Tuesday, December 18, 2012
The GAO released another report on Dodd-Frank rule making and cost benefit analysis, Agencies' Efforts to Analyze and Coordinate Their Rules (GAO-13-101, Dec 18, 2012). Here is a summary:
Federal agencies conducted the regulatory analyses required by various federal statutes for all 54 regulations issued pursuant to the Dodd-Frank Wall Street Reform and Consumer Protection Act (Dodd-Frank Act) that GAO reviewed. As part of their analyses, the agencies generally considered, but typically did not quantify or monetize, the benefits and costs of these rules. Most of the federal financial regulators, as independent regulatory agencies, are not subject to executive orders that require comprehensive benefit-cost analysis in accordance with guidance issued by the Office of Management and Budget (OMB). Although most financial regulators are not required to follow OMB's guidance, they told GAO that they attempt to follow it in principle or spirit. GAO's review of selected rules found that regulators did not consistently follow key elements of the OMB guidance in their regulatory analyses. For example, while some regulators identified the benefits and costs of their chosen regulatory approach in proposed rules, they did not evaluate their chosen approach compared to the benefits and costs of alternative approaches. GAO previously recommended that regulators more fully incorporate the OMB guidance into their rulemaking policies, and the Office of Comptroller of the Currency and the Securities and Exchange Commission have done so. By not more closely following OMB's guidance, other financial regulators continue to miss an opportunity to improve their analyses.

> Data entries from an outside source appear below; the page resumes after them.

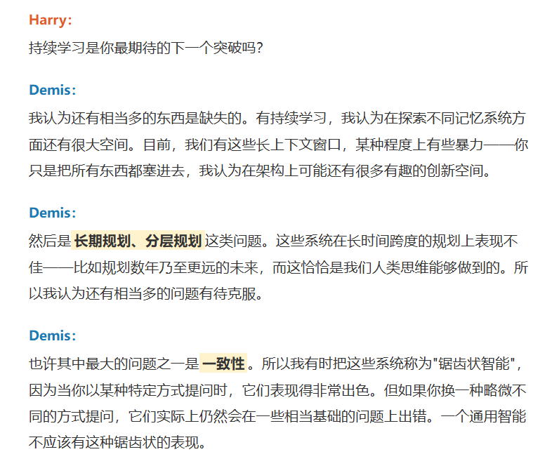 是的,我们一直有一个很一致的定义——AGI,基本上就是一个能展现出人类大脑所有认知能力的系统。这一点很重要,因为大脑是我们目前所知的、也许是宇宙中唯一能证明通用智能可行的存在。所以对我来说,这就是AGI应该达到的标准。
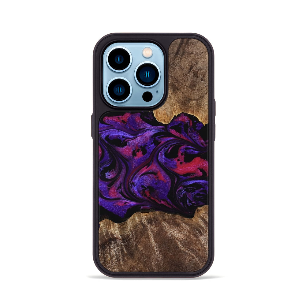 Altha has a warm, natural Maple wood base that highlights beautiful grain patterns. It features a stunning swirl of deep purple and red tones that create a striking visual contrast.
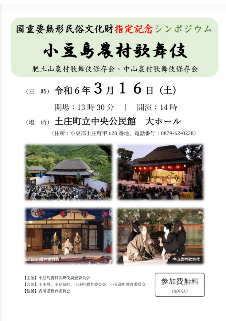 先日お知らせした通り、小豆島農村歌舞伎が、国重要無形民俗文化財に指定される見込みとなりました。それを記念して「小豆島農村歌舞伎シンポジウム」が開催されることになりました。
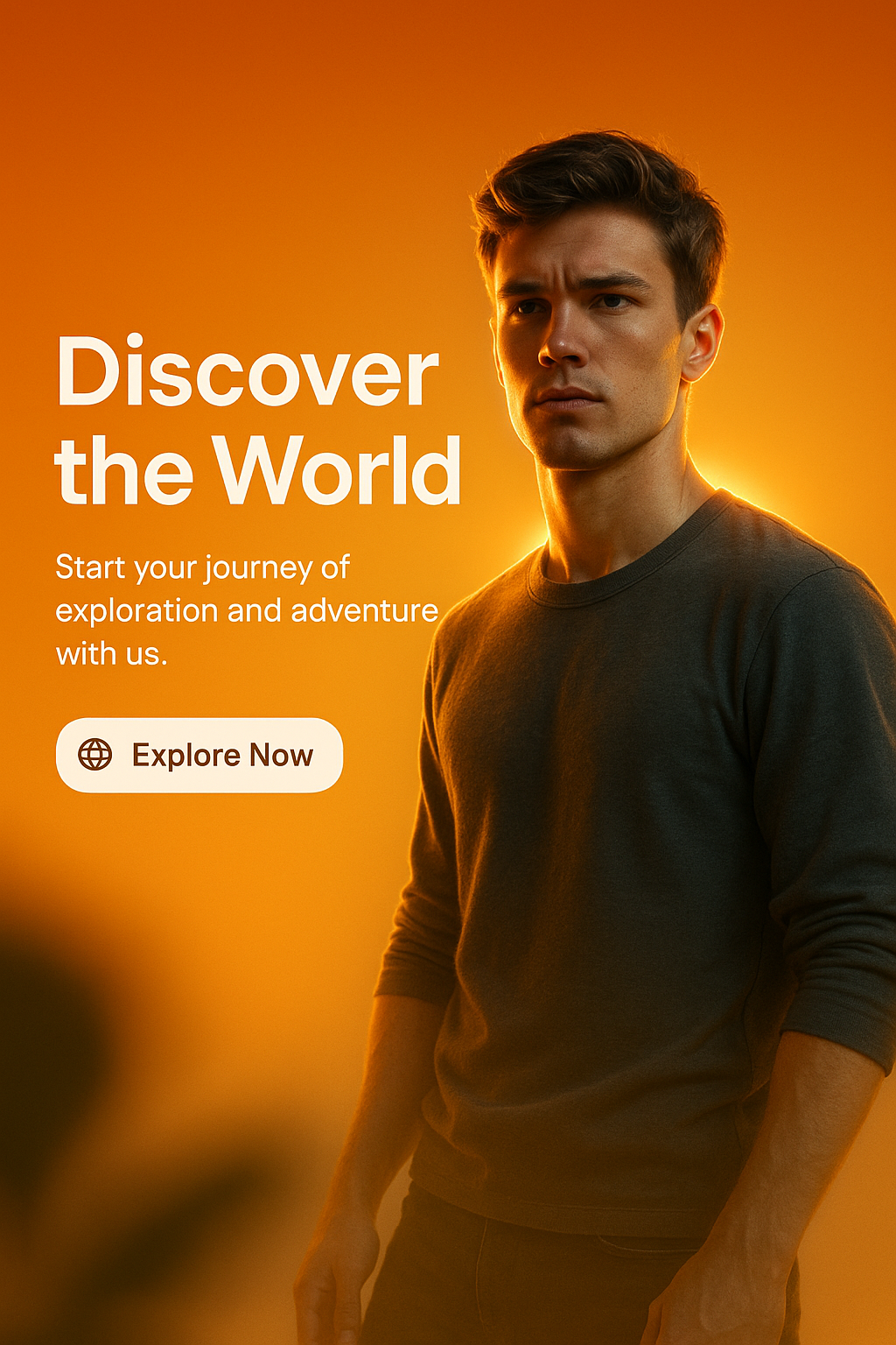 This image features a male model against a warm, gradient background, promoting travel and exploration. It is designed for social media or advertising use.
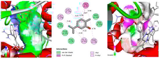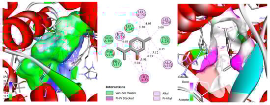 In the 3D representation of thymol binding to ascorbate peroxidase (Figure 4), the active-site surface is colored according to the solvent-accessible surface (SAS) and hydrogen-bond donor/acceptor potential []. Predominantly green regions within the binding pocket indicate extensive hydrophobic or slightly apolar interactions surrounding thymol. In contrast, localized blue or mauve patches highlight polar zones capable of hydrogen bond formation. This surface distribution reinforces earlier observations that aromatic and alkyl interactions (π-π stacking, π-alkyl, and van der Waals) primarily stabilize the complex. Nevertheless, the limited polar surfaces suggest that indirect hydrogen bonding via structured water molecules or weak dipoles may occur with thymol’s hydroxyl group. The dominance of green hydrophobic surfaces complements and confirms the molecular interaction analysis, underscoring the central role of hydrophobic and aromatic interactions in anchoring thymol, while also indicating potential synergy with minor polar interactions.
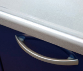 | 天板には、エンボス加工を施して、ステンレス特有の光沢に柔らかな質感をプラス。洗練された清潔感が魅力です。扉にも、汚れがさっと拭き取れる加工を施しています。※扉の色は階数やタイプによって変わります。 |
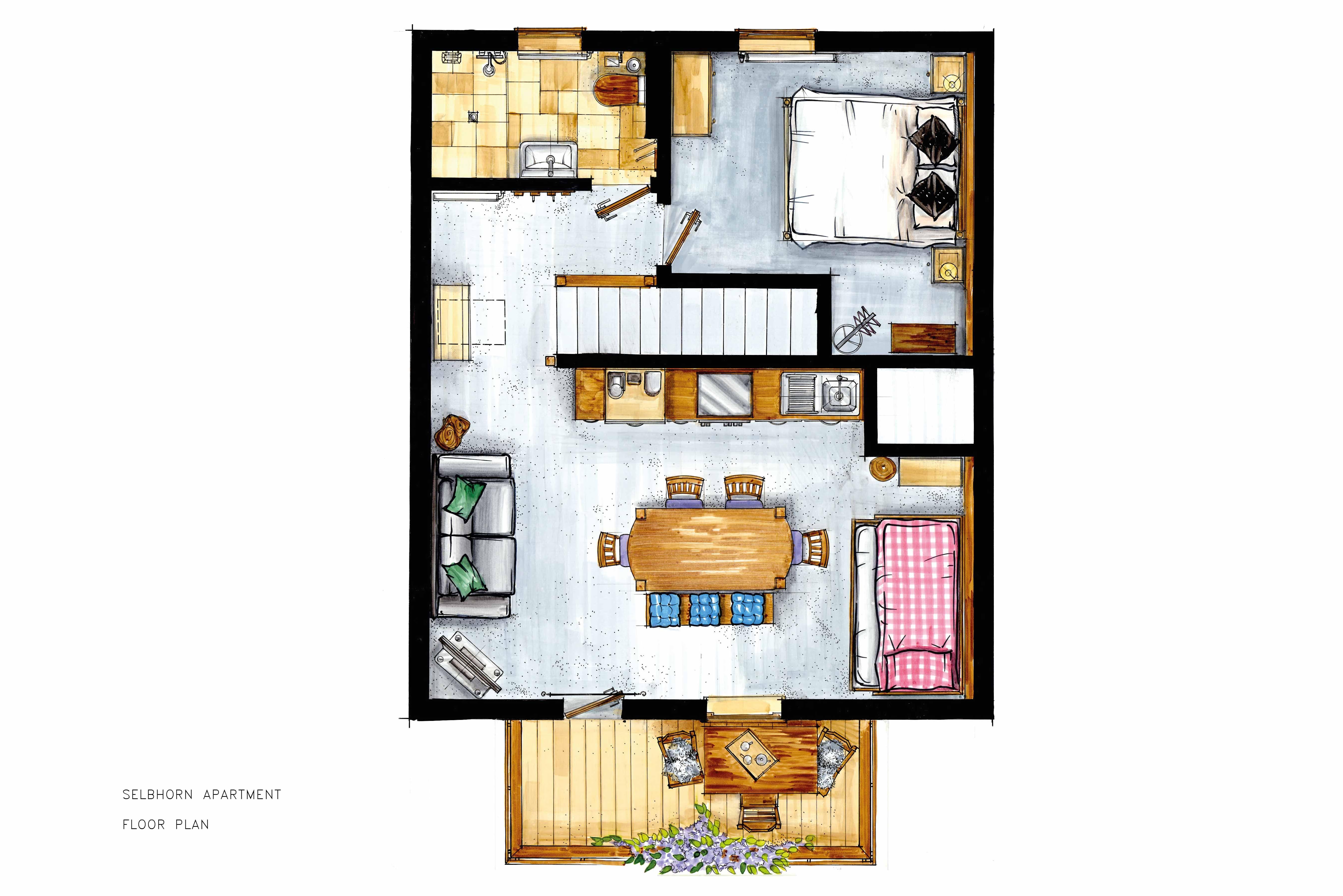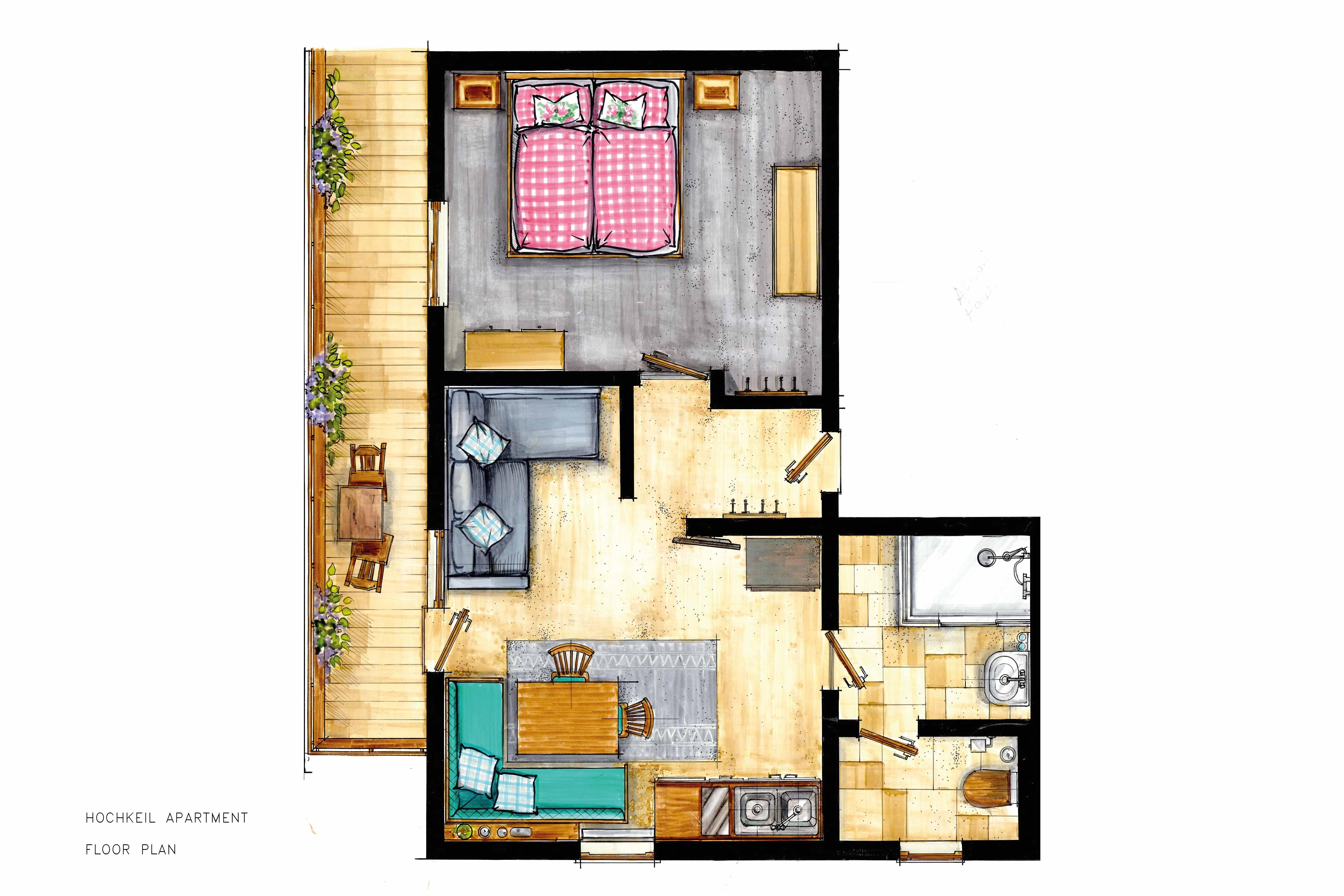 Hochkeil Wohnung ist etwas kleinere Wohnung mit einem Schlafzimmer (ca. 40m²) mit Kueche / Ess- / Wohnbereich und Bad mit Dusche, Waschbecken und WC. Es gibt ein Oesterreichisches Zwillingsbett im Schlafzimmer und ein Sofa, das in ein Doppelbett im Wohnbereich umgewandelt wird. Der Wohnbereich faehrt auf den Balkon mit herrlichem Bergblick. Die Kueche ist ausgestattet mit einem 2-Plattenherd, Mikrowelle, Kuehlschrank mit Gefrierfach, Spuele, Toaster, Kaffeemaschine, Geschirr und Besteck und Kochutensilien. Es gibt einen Flachbild-TV mit Satelliten-Kanaelen im Wohnzimmer

Federal financial agencies continue to coordinate on rulemakings informally in order to reduce duplication and overlap in regulations and for other purposes, but interagency coordination does not necessarily eliminate the potential for differences in related rules. Agencies coordinated on 19 of the 54 substantive regulations that GAO reviewed. For most of the 19 regulations, the Dodd-Frank Act required the agencies to coordinate, but agencies also voluntarily coordinated with other U.S. and international regulators on some of their rulemakings. According to the regulators, most interagency coordination is informal and conducted at the staff level. GAO's review of selected rules shows that differences between related rules may remain even when coordination occurs. According to regulators, such differences may result from differences in their jurisdictions or the markets. Finally, the Financial Stability Oversight Council (FSOC) has not yet implemented GAO's previous recommendation to work with regulators to establish formal interagency coordination policies.
Most Dodd-Frank Act regulations have not been finalized or in place for sufficient time for their full impacts to materialize. Recognizing these and other limitations, GAO took a multipronged approach to assess the impact of some of the act's provisions and rules, with an initial focus on the act's systemic risk goals. First, GAO developed indicators to monitor changes in certain characteristics of U.S. bank holding companies subject to enhanced prudential regulation under the Dodd-Frank Act (U.S. bank SIFIs). Although the indicators do not identify causal links between their changes and the act--and many other factors can affect SIFIs--some indicators suggest that since 2010 U.S. bank SIFIs, on average, have decreased their leverage and enhanced their liquidity. Second, empirical results of GAO's regression analysis suggest that, to date, the act may have had little effect on U.S. bank SIFIs' funding costs but may have helped improve their safety and soundness. GAO plans to update its analyses in future reports, including adding indicators for other Dodd-Frank Act provisions and regulations.